The financial company Visa committed to installing upgrades to cash machines on the Olympic Park which would provide audio facilities after RNIB threatened legal action under the Equalities Act earlier this year. Legal proceedings were halted after Visa pledged to convert two of the eight on-site cashpoints into “talking ATMs”.
It is understood that Visa failed to make the upgrades. RNIB says it is “extremely disappointed” after working with Locog for the past three years to ensure that the Olympic Park was fully accessible for blind and partially sighted people.
Visa cash points on the park include braille and tactile keyboards in lie with all UK high street cashpoints.

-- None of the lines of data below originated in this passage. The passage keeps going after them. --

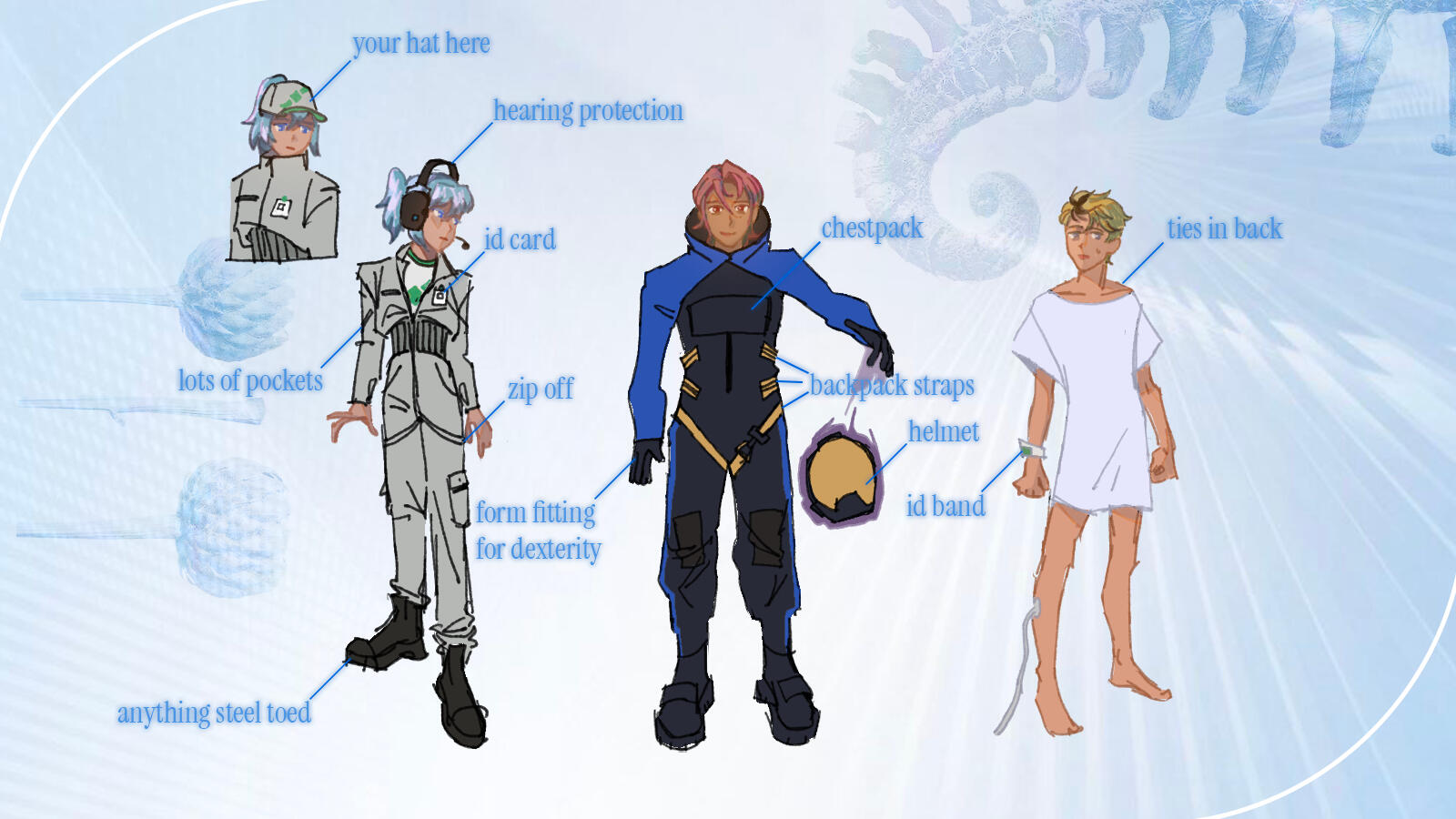 Pictured below (left to right): ONBOARD COVERALL, EXPLORATION SUIT, CRYOGOWN (options available for those who prefer more coverage).Onboard coveralls are only required while on the clock and may be customized within reason. While working, hair that reaches below the shoulder should be tied up. If applicable to the task, eye protection should be worn.Off shift, crew may wear casual clothing. Keep in mind, your supervisors and peers will see it.
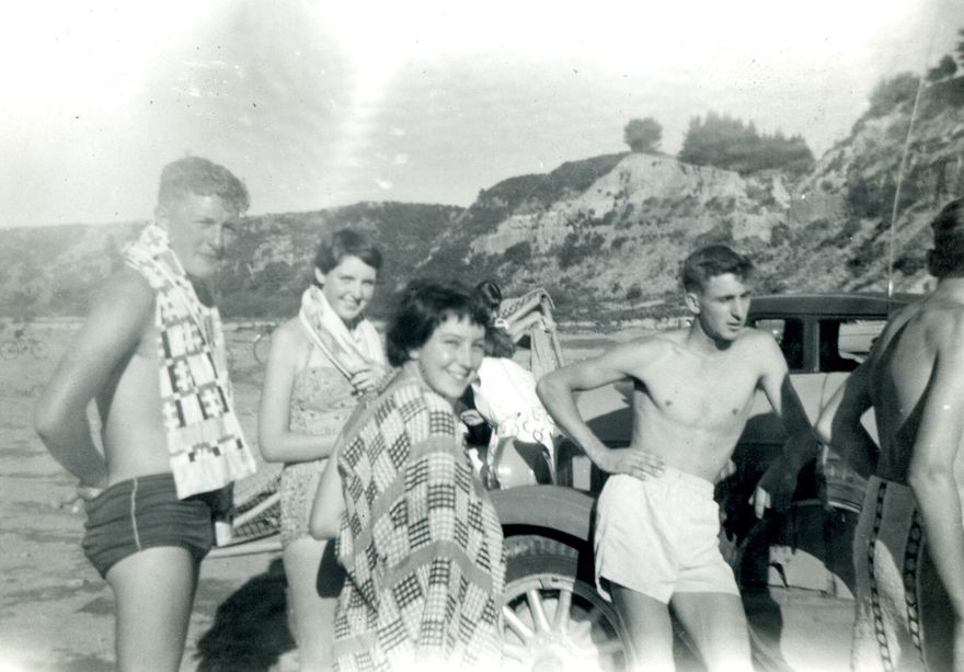 A groups of friends on a swimming excursion to the Manawatu River, accessed at the end of Albert Street, Palmerston North. From left: Tom Bainbridge; Margaret Greatorex (later Hansen); Patricia Hayes (later Eaton); Pete Hansen; Ross Greatorex.
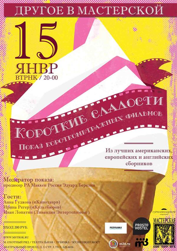 В программе: просмотр короткометражных фильмов из лучших американских, европейских и английских сборников состоится в Театре-клубе «Мастерская» 15 января. Начало семинара в 20-00
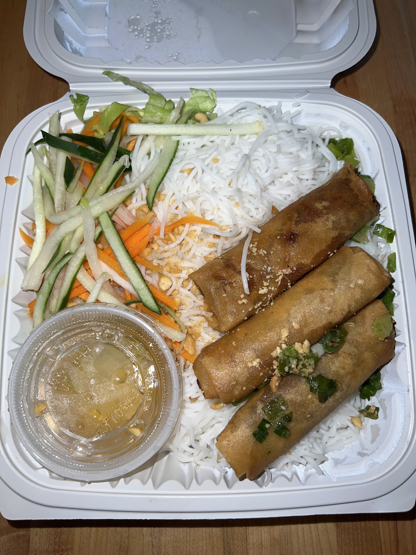 To start, the spring rolls I ordered lacked the expected freshness and were rather dry. The absence of moisture made them unappetizing and significantly compromised the flavor. It is crucial for a dish like spring rolls to possess a light and succulent consistency, which was unfortunately missing here.
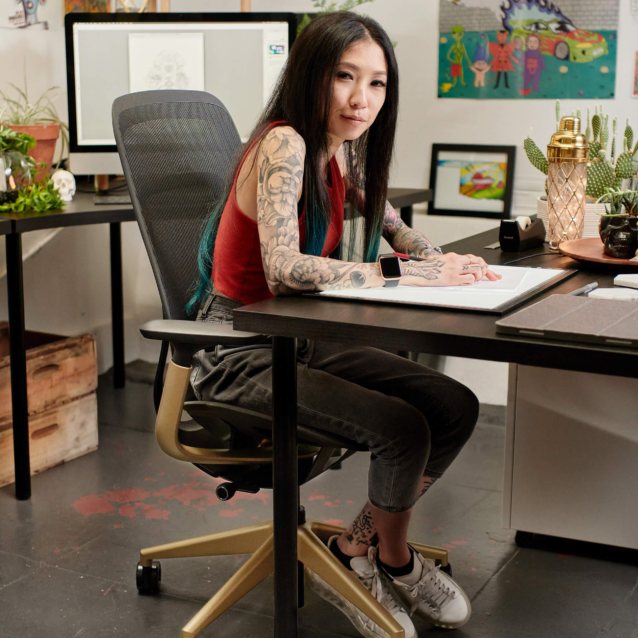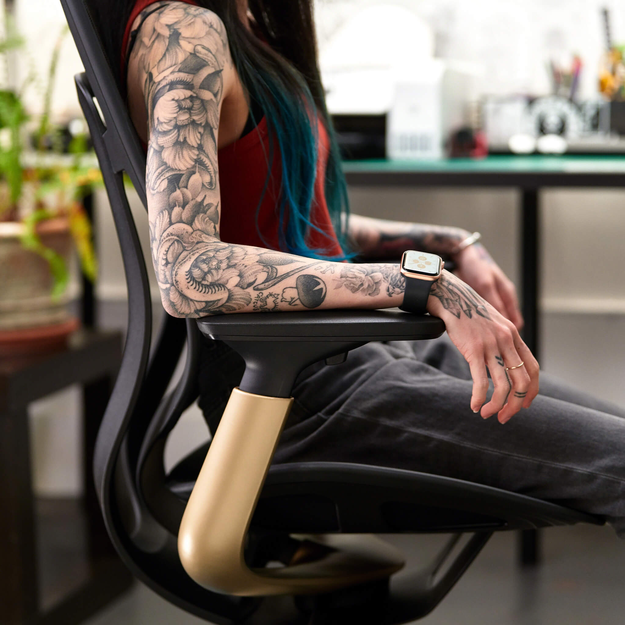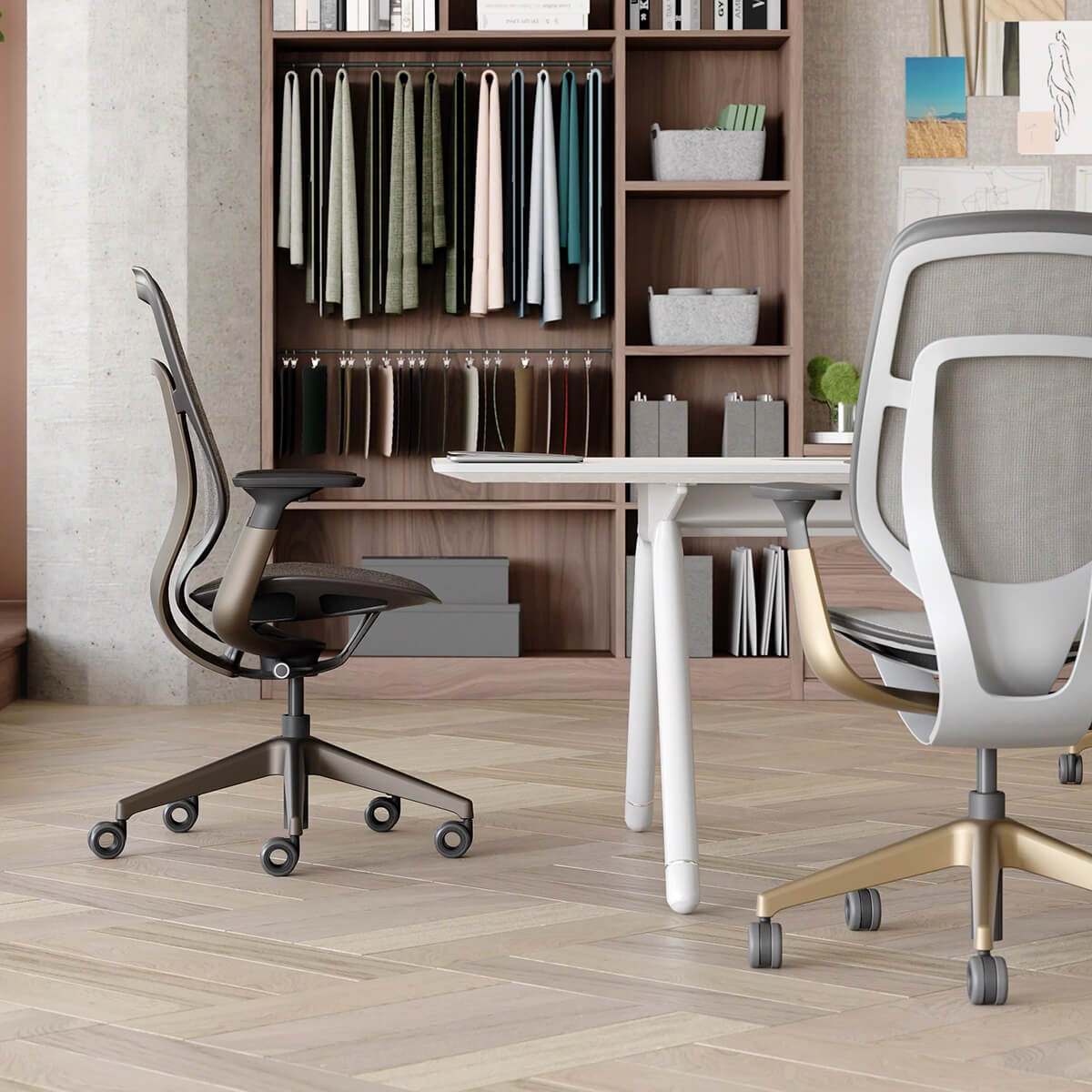 Steelcase Karman ist ein echter Allrounder. Die Intermix-Bezugsstoffe sind in vielen modernen Farben erhältlich. Gleichzeitig lässt sich der gesamte Stuhl farblich passend zur Inneneinrichtung gestalten - von klassischen Schwarztönen über Ausführungen in Möwengrau bis hin zu hochwertigen Lux-Beschichtungen für den Rückenlehnenrahmen, die Armlehnenhalterungen und das Fußkreuz. Der Arbeitsstuhl Steelcase Karman lässt sich in unserem 3D-Konfigurator schnell und intuitiv gestalten und auf Wunsch in Augmented Reality direkt im Raum platzieren.
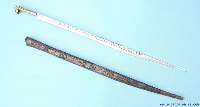 We offer for sell this Flyssa, the traditional sword of the Kabyles people of Morocco. These type of swords come with blades of various sizes from 12 up to 38 inches. This one is rather long and heavy 36 ½ inch long, with a 31 ½ inches blade. It is single edge widening to its maximum about 13 inches from the tip. The blade is nlaid with brass decoration. The hilt is a combination of steel and wood covered with engraved brass in a styled animal head. The scabbard is wood, carved in a classical local style and bound with brass bands. Very good condition. There is a crack 3 inches long at the top of the scabbard. This is a real and very impressive fighting weapon, quite rare at these dimensions and with the original scabbard. Probably from the early 20 Century. |
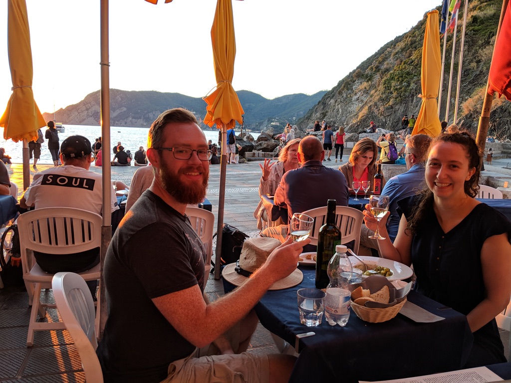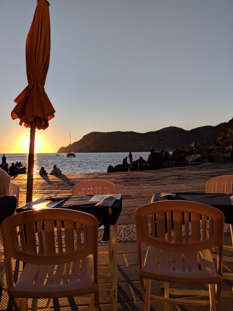 We dropped our stuff off, meandered back down the stairs to the main street of the village and toward the harbor as the sun set. We grabbed a table right on the water and I enjoyed Italian pesto gnocchi and a local wine. Between the views from our AirBnb, the promise of hiking, and our sunset dinner, Cinque Terre grabbed us in the most wonderful way possible from the very beginning.
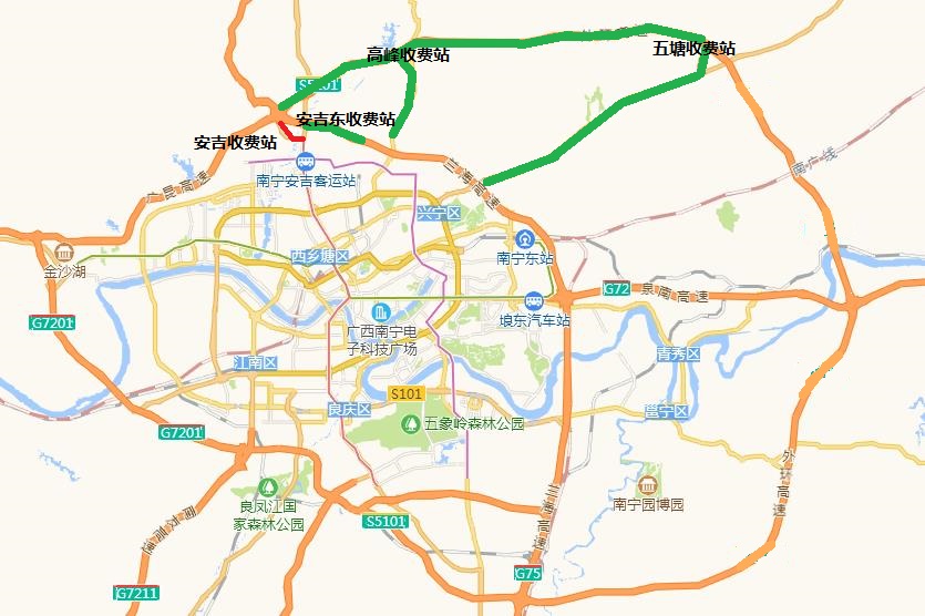 进城:可选择绕开安吉收费站,从安吉东、高峰、五塘收费站进入南宁市区。
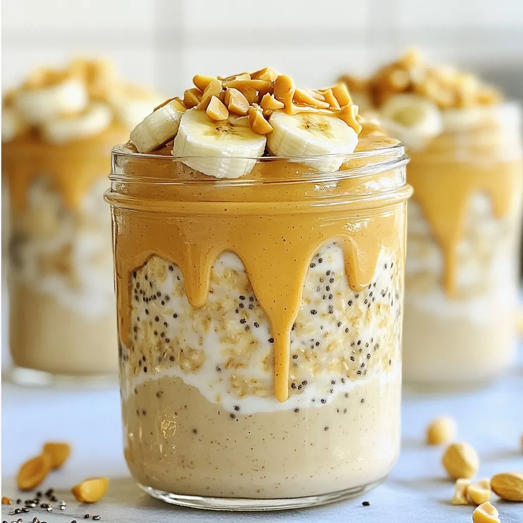 - 1 cup rolled oats - 2 tablespoons creamy peanut butter - 1 ripe banana, mashed - 1 cup almond milk (or any preferred milk) - 1 tablespoon chia seeds - 1 tablespoon honey or maple syrup (optional) - 1/2 teaspoon vanilla extract - A pinch of salt - Sliced banana and chopped peanuts for garnish For this recipe, I measure everything carefully. Use a standard cup for oats and milk. For peanut butter and honey, a tablespoon works well. It helps to get the right balance. This ensures your oats turn out creamy and tasty. You can customize your oats! Try adding: - A sprinkle of cinnamon for warmth. - A handful of berries for a fruity twist. - A scoop of protein powder for extra energy. These add-ins can make your overnight oats even more special. Enjoy exploring new flavors! {{ingredient_image_1}} Start by taking a medium bowl. Add 1 cup of rolled oats. Next, add 1 tablespoon of chia seeds and a pinch of salt. Mix these dry ingredients well. This step helps the flavors blend. Now, grab a separate bowl. Whisk together 1 cup of almond milk, 2 tablespoons of creamy peanut butter, and 1 ripe banana that you have mashed. If you want it sweeter, add 1 tablespoon of honey or maple syrup. Don’t forget to add 1/2 teaspoon of vanilla extract. Mix until it’s smooth and creamy. Pour the wet mixture into the bowl with dry ingredients. Stir them together until everything is mixed well. Make sure all the oats are coated with the wet mixture. This helps the oats soak up the flavors overnight. Divide the mixture into two jars or containers. Secure the lids tightly. Place them in the fridge overnight, or for at least 4 hours. This step allows the oats to absorb the liquid and soften. In the morning, take out your jars. Give the oats a good stir. If they seem too thick, add a splash of almond milk. Top each serving with sliced banana and chopped peanuts. This adds a nice crunch and fresh flavor. Enjoy your tasty breakfast! You can change how sweet your oats taste. If you like them sweeter, add more honey or maple syrup. You can also use a ripe banana. The riper the banana, the sweeter the oats will be. Just remember to taste as you go! To get the best texture, mix the oats and chia seeds well. This helps them soak up the milk evenly. If your oats are too thick in the morning, just stir in a splash of almond milk. This will make them creamy and smooth again. Presentation matters! Serve your oats in clear glass jars. You can see the layers of oats, banana, and peanut butter. For extra flair, drizzle some peanut butter on top. Finish with sliced banana and chopped peanuts for a pop of color and crunch. This makes your breakfast look as good as it tastes! Pro Tips Use Ripe Bananas: The riper the banana, the sweeter and more flavorful your overnight oats will be. Look for bananas with brown spots for optimal taste. Adjust Sweetness: Depending on your preference, feel free to adjust the amount of honey or maple syrup. You can always add more sweetness in the morning if needed. Experiment with Toppings: Get creative with toppings! Try adding nuts, seeds, or even a sprinkle of cinnamon for added flavor and texture. Make It Ahead: This recipe is perfect for meal prep! Make a batch for the week and store them in the fridge for quick, healthy breakfasts. {{image_2}} You can enjoy Peanut Butter Banana Overnight Oats without nuts. Use sunflower seed butter instead of peanut butter. It gives a similar creamy texture. You can also try tahini for a unique flavor. Sunflower seed butter is great for kids with nut allergies. If you want a dairy-free option, almond milk works well. You can also use oat milk or coconut milk. Both will add a different taste. Make sure to check the labels for added sugars. This way, you keep it healthy and tasty. You can mix up the flavors of your overnight oats. Add cocoa powder for a chocolate twist. A sprinkle of cinnamon will give warmth and spice. Want something fruity? Toss in some berries or diced apples. Each adds a new layer of flavor. Enjoy experimenting to find your favorite! You can store your Peanut Butter Banana Overnight Oats in the fridge. Use airtight jars or containers. This keeps them fresh and safe to eat. Make sure to cover them well. For the best taste, eat your oats within 3 days. The oats absorb liquid and soften over time. If you notice any change in smell or color, it's best to discard them. Always check for freshness before eating. You can enjoy these oats cold or warm. If you prefer them warm, microwave them for about 30 seconds. Stir well and check the temperature. Add a splash of almond milk if they seem too thick. Enjoy your tasty breakfast! Yes, you can use quick oats. Quick oats cook faster and absorb liquid quickly. The texture will be softer than rolled oats, but they will still taste great. If you want a creamier dish, quick oats work well. Just remember, they may become mushy if left too long. These oats last up to five days in the fridge. Make sure to store them in airtight containers. The flavors will blend, and the oats will soften more over time. If you notice any off smells, it’s best to toss them out. Absolutely! This recipe is perfect for meal prep. You can make several jars at once. Just follow the recipe and store them in the fridge. They make a great grab-and-go breakfast for busy mornings. Yes, feel free to use any nut butter you like. Almond butter, cashew butter, or sunflower seed butter are great options. Each nut butter will bring a unique flavor. Just choose one that fits your taste and dietary needs. This blog post covered the key steps to make delicious Peanut Butter Banana Overnight Oats. You learned about the ingredients, measurements, and optional add-ins. I shared tips for sweetness, texture, and presentation. You also discovered fun variations and important storage info. These oats are perfect for quick meals and easy to customize. Feel free to experiment with your favorite flavors. Trust that with these tips, you will create tasty, heal

Steve Winyard, head of policy and campaigns at RNIB, says: “RNIB has always campaigned for the right of blind and partially sighted people to have control of their own money and be able to access it just like a sighted person. This is why we launched our Make Money Talk campaign last year calling on all UK banks to provide ATMs with audio facilities for their customers with sight loss.
“We believe it is only fair and reasonable for banks to provide ‘talking ATMs’ across their networks and especially at sites where everyone else has the luxury of 24/7 access. Already Barclays and Lloyds have agreed to this and we expect two more banks to make a similar commitment in the near future.”
The charity says that if blind or partially sighted people are experiencing difficulties using the cashpoint facilities at the park, it will prove them with assistance.
There are currently 69 “talking ATMs” in the UK, while there are 100,000 in the US – the equivalent of one in four.
Visa says it was “not feasible” to add audio functionalilty to the cash points in the short timeframe after RNIB raised the issue in June.
A spokesperson for Visa Europe says: “Visa has been a global sponsor for over 25 years and takes seriously the responsibility to provide robust, safe and secure ATM provision for all visitors to both the Olympic and Paralympic Games. Visa is committed to addressing the needs of blind and partially sighted people in using ATMs in the UK and will work with our member banks and RNIB going forward to improve accessibility.”
Visa has previously angered consumers over its monopoly on card payment and cash machine services at the Olympics that meant only Visa cardholders could purchase tickets and only its cards can be used to make purchases at Olympic venues.